Null Point

Null Point

A null point is a location within an RFID reader's coverage zone where the RF signal strength drops to near zero due to destructive interference between the direct wave from the reader antenna and reflected waves from nearby surfaces. Tags located at null points cannot be reliably read, creating dead spots in otherwise functional read zones.

Physics of Null Points

Null points arise from multipath propagation. When an RFID reader's RF signal reflects off walls, floors, metal shelving, or other surfaces, the reflected wave arrives at certain locations with a phase offset of approximately 180 degrees relative to the direct wave. The two waves cancel each other, creating a signal minimum. At UHF frequencies (around 900 MHz), the wavelength is approximately 33 cm, so null points occur at regular spatial intervals of roughly half a wavelength (16.5 cm).

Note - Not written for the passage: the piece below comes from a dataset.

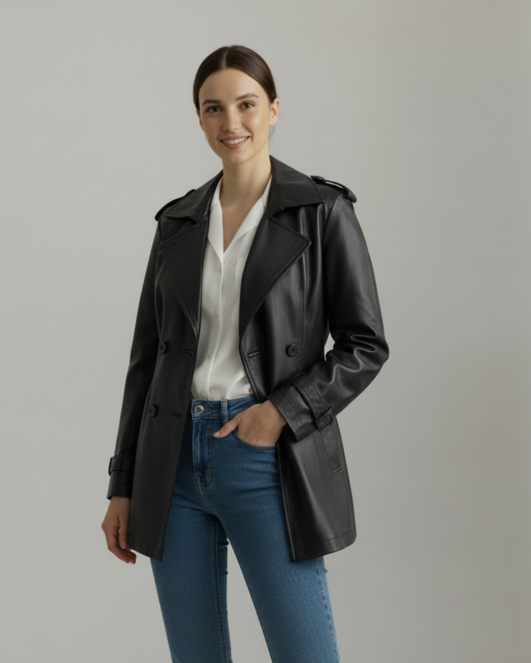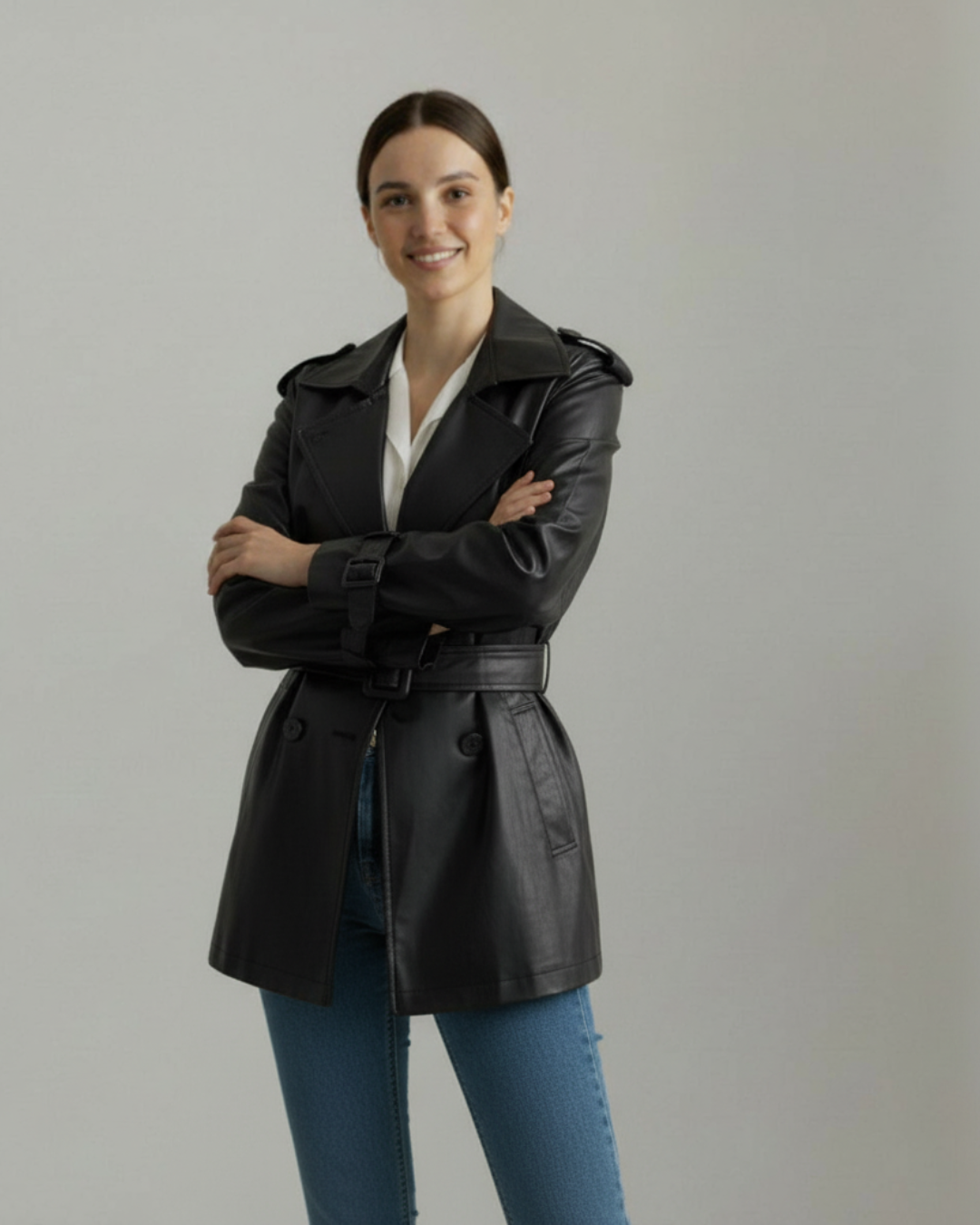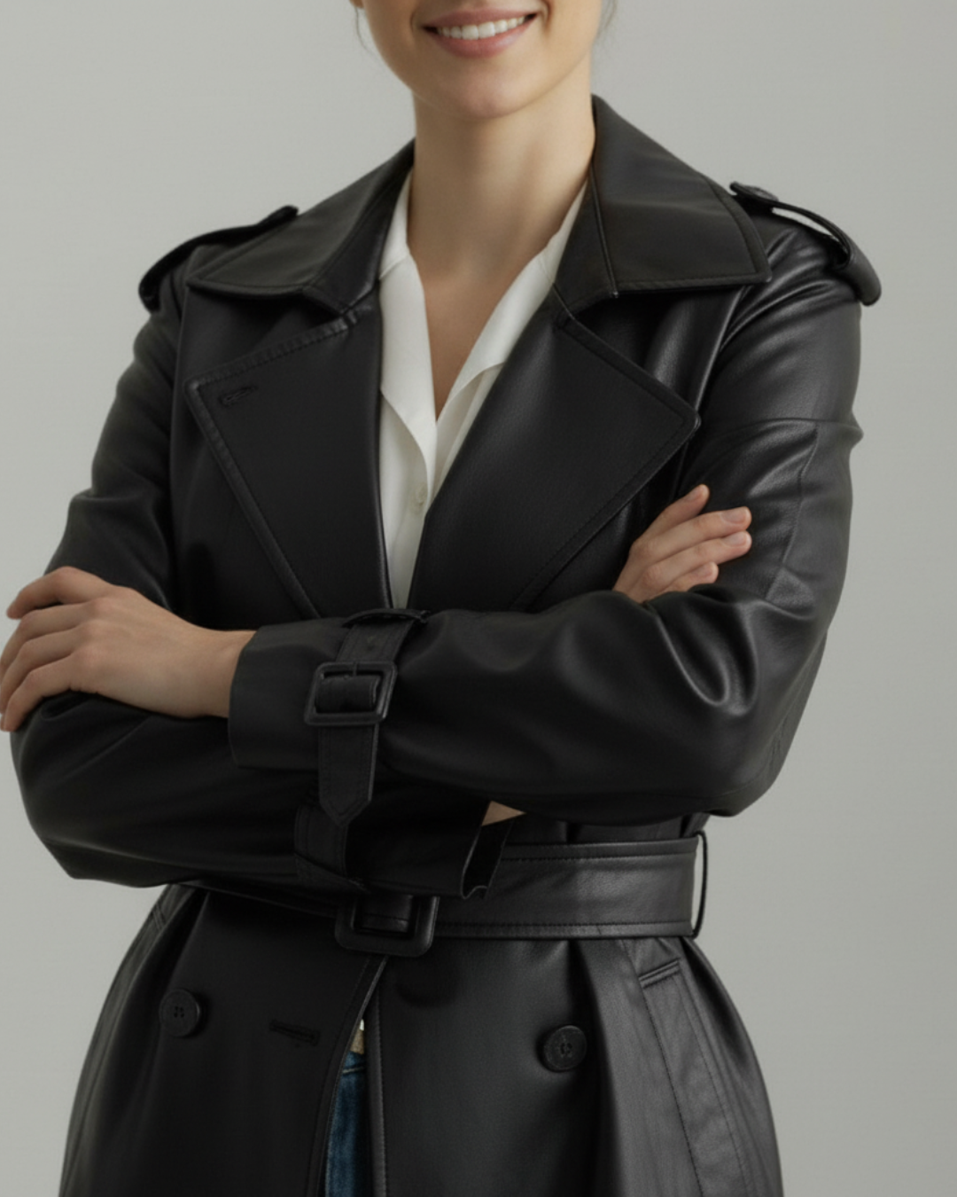 Luce un estilo elegante y moderno con nuestro trench Leather Belt, confeccionado en ecopiel de alta densidad con base interior textil que aporta comodidad y durabilidad. Incluye cinturón ajustable para estilizar la silueta y hebillas en las mangas, reforzando la estructura del diseño y añadiendo un detalle sofisticado. Perfecto para completar looks urbanos, formales o de entretiempo con carácter y estilo.

The severity of null points depends on the reflectivity of the environment. Warehouses and factories with metal structures, concrete floors, and steel racking create strong reflections and pronounced nulls. Retail environments with clothing, wood, and drywall produce weaker reflections and less severe nulls.

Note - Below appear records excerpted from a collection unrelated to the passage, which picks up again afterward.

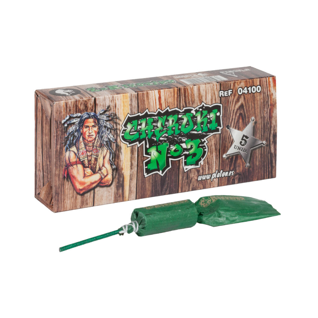 Cheroky Nº3 es un potente trueno pirotécnico que produce una fuerte explosión y viene en una caja con 64 unidades.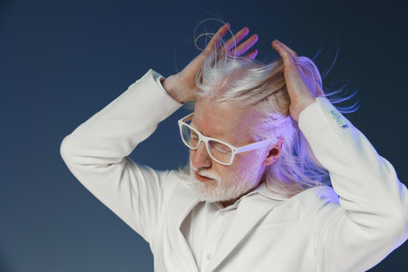 A man dressed as a scientist displays shock and excitement with wild hair and glasses, creating a playful and energetic atmosphere against a bright blue backdrop.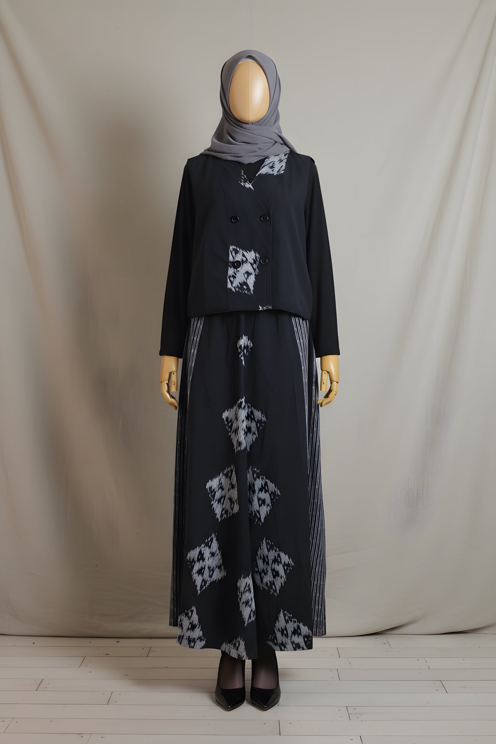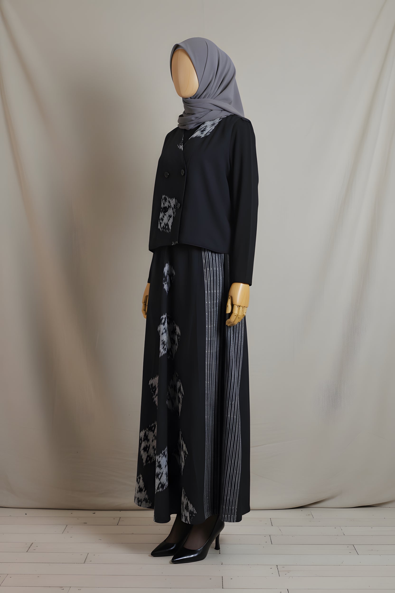 Lale Black Vest & Zulfa Black Skirt Tenun Set

Impact on System Performance

Null points are a leading cause of missed reads in fixed-reader installations. A portal reader at a dock door might have a null point at a specific height, causing tags on items at that height to be consistently missed. Smart shelf installations can have null points at certain positions along the shelf, creating blind spots in otherwise complete coverage.

The problem is compounded when tags are stationary. Moving items on conveyors pass through null points quickly and are read at other positions, but stationary items on shelves may sit permanently in a null point.

Mitigation Techniques

Antenna diversity: Using multiple antennas at different heights and angles ensures that a null point created by one antenna's multipath pattern falls at a location where another antenna provides coverage. This is the primary reason portal readers use 4-6 antennas rather than a single antenna.

Circular polarization: Circularly polarized antennas are less susceptible to multipath nulls than linearly polarized antennas because the reflected wave's polarization rotation partially breaks the cancellation pattern.

Frequency diversity: Frequency hopping across multiple channels (as mandated by FCC in the US) means that null points shift location with each frequency hop, preventing persistent dead spots at any single location. This is one of the practical benefits of the FHSS requirement.

Physical modification: Absorptive materials (RF foam, ferrite tiles) placed on reflective surfaces can reduce multipath intensity and smooth out the coverage pattern, though this approach is expensive and rarely practical at scale.